Segment Open

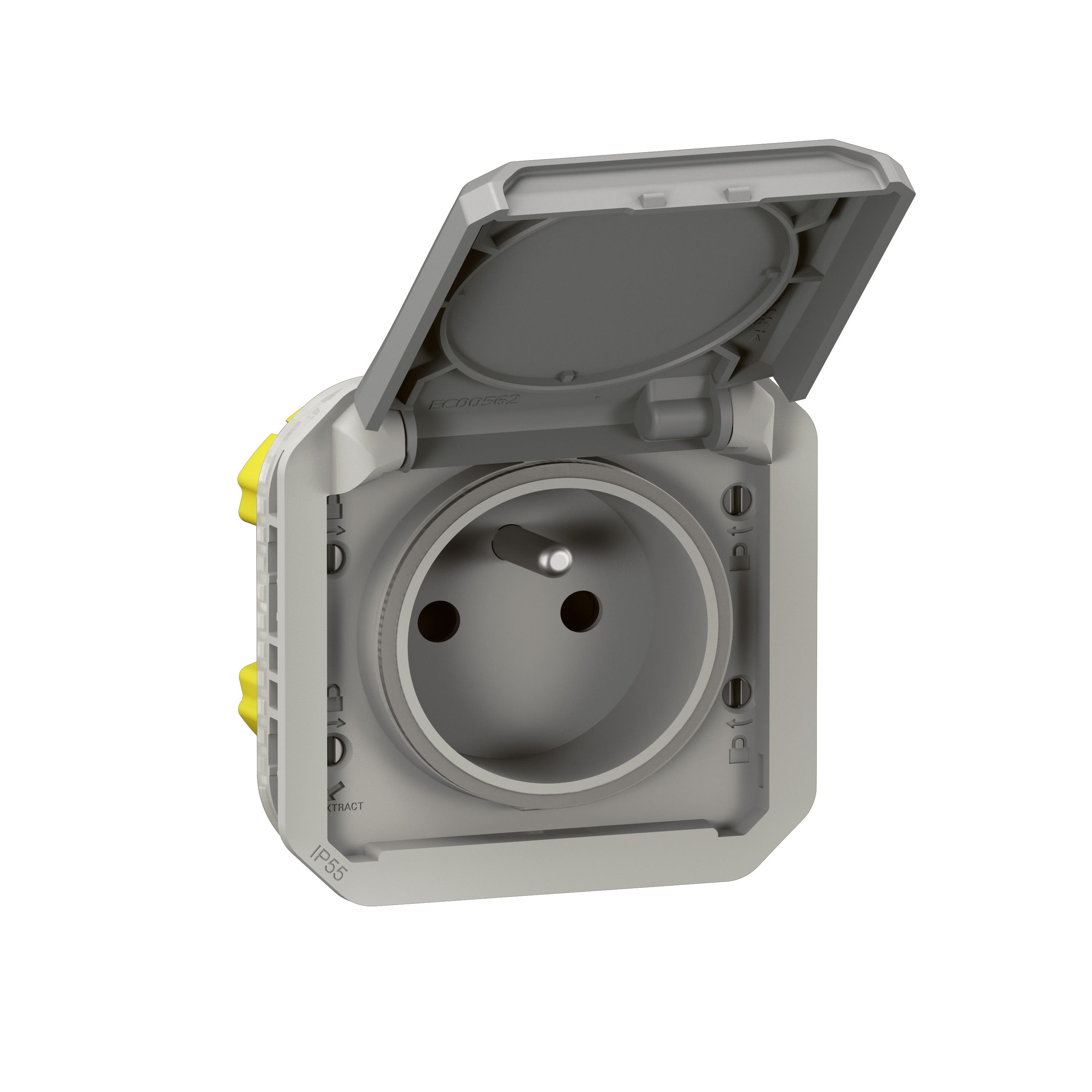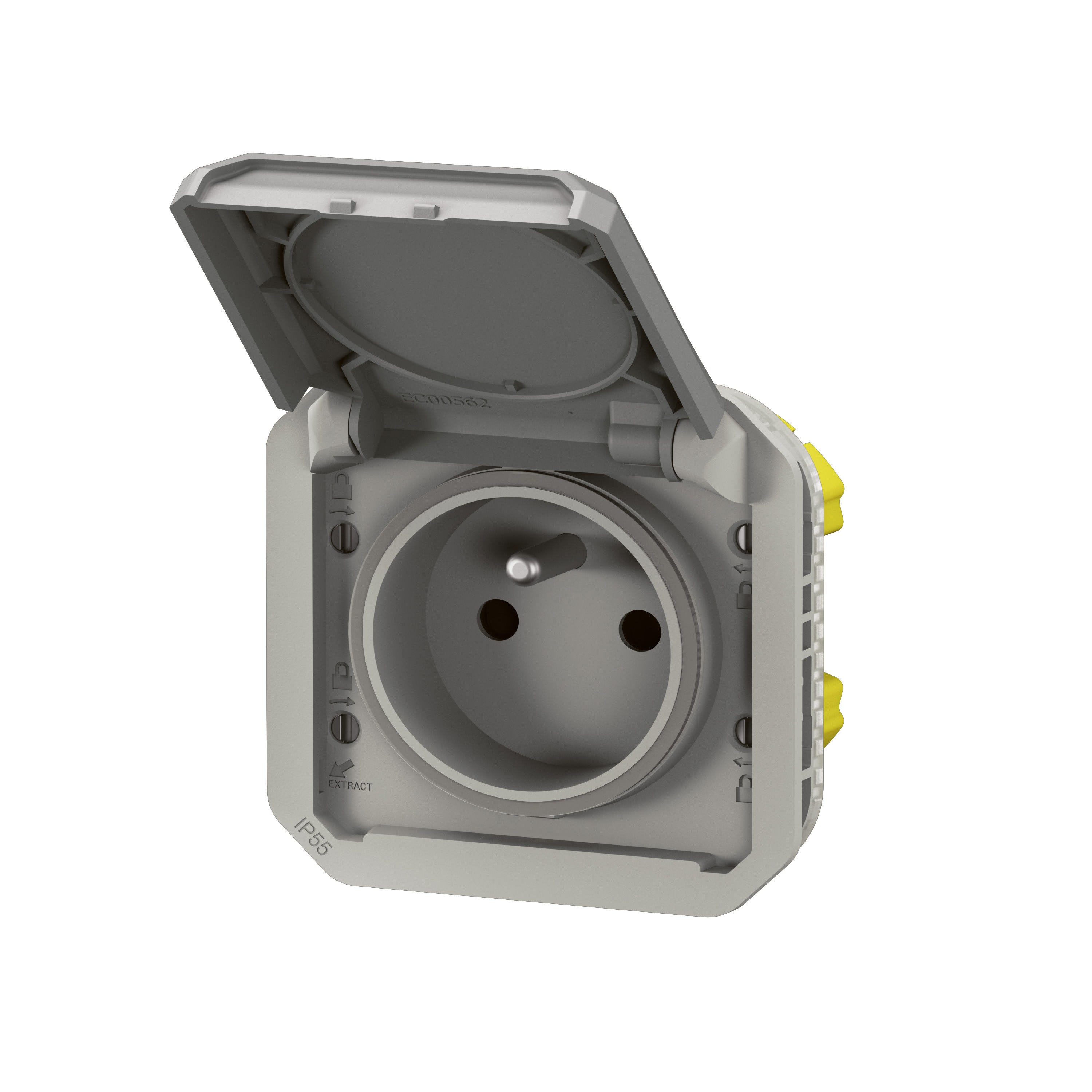 Produit à compléter soit avec un boitier saillie, soit avec un support encastré. IP55 : protégé contre les poussières et les projections d'eau à la lance de toutes directions. IK08 : résistance à un choc de 5 joules. Prise de courant 2P+T 16A 250V. Connexion rapide sans outil avec repérage couleur.
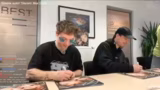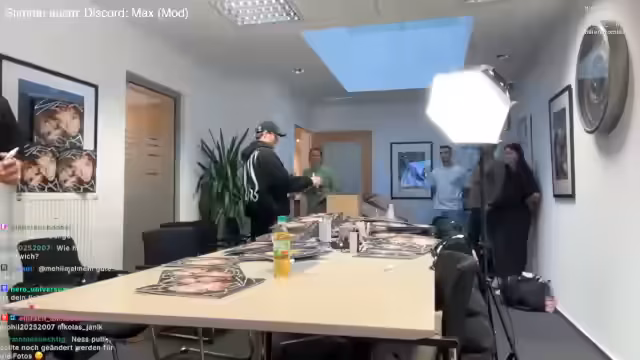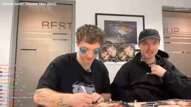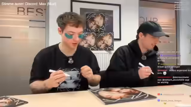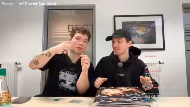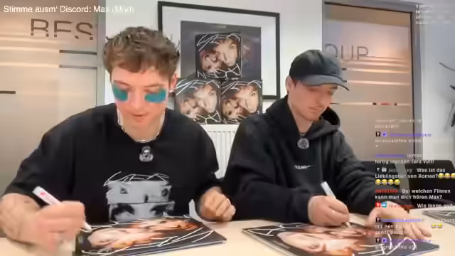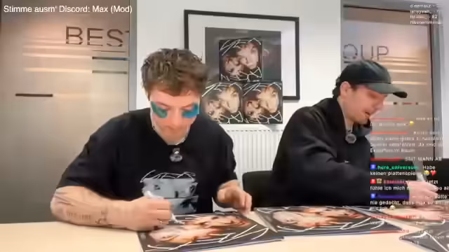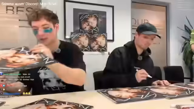 01:03:02Das Stream-Team beginnt mit dem signieren von Vinyl-Platten und CDs. Der Fokus liegt darauf, die Farbe der Tinte sichtbar zu machen und die Stücke vor dem Signieren vorzubereiten. Während des Vorgangs werden Fotos vom Signierprozess gemacht, um den Moment festzuhalten. Ein Teilnehmer, Max, wird gebeten, kurz das Mikrofon abzunehmen, damit reibungslos Fotos entstehen können. Im Hintergrund wird der Chat gefragt, welche Themen besprochen werden sollen, um die Wartezeit zu überbrücken.
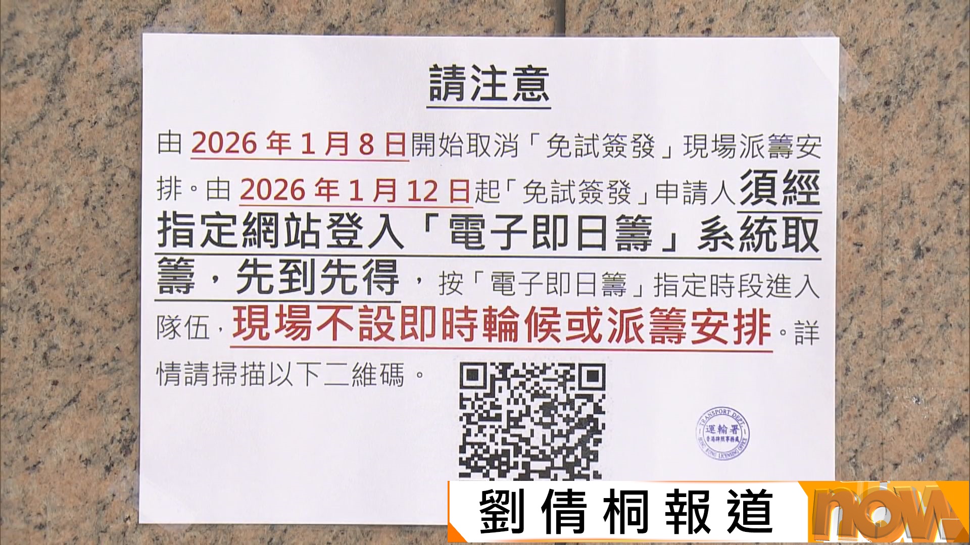 【Now新聞台】運輸署即日起,取消免試簽發本地駕駛執照現場派籌安排,下周一起改為網上系統取籌,有市民早上來到才知道新安排。運輸署署長李頌恩指,電子即日籌要以申請人資料登記,防止轉售籌號。

Segment Closed

#### WORK REQUIRED
Skip the pictures and write out exactly the lines from the line containing "01:03:02Das Stream-Team beginnt" through the end of the listing above.

#### PROBLEM SOLUTION
 01:03:02Das Stream-Team beginnt mit dem signieren von Vinyl-Platten und CDs. Der Fokus liegt darauf, die Farbe der Tinte sichtbar zu machen und die Stücke vor dem Signieren vorzubereiten. Während des Vorgangs werden Fotos vom Signierprozess gemacht, um den Moment festzuhalten. Ein Teilnehmer, Max, wird gebeten, kurz das Mikrofon abzunehmen, damit reibungslos Fotos entstehen können. Im Hintergrund wird der Chat gefragt, welche Themen besprochen werden sollen, um die Wartezeit zu überbrücken.
 【Now新聞台】運輸署即日起,取消免試簽發本地駕駛執照現場派籌安排,下周一起改為網上系統取籌,有市民早上來到才知道新安排。運輸署署長李頌恩指,電子即日籌要以申請人資料登記,防止轉售籌號。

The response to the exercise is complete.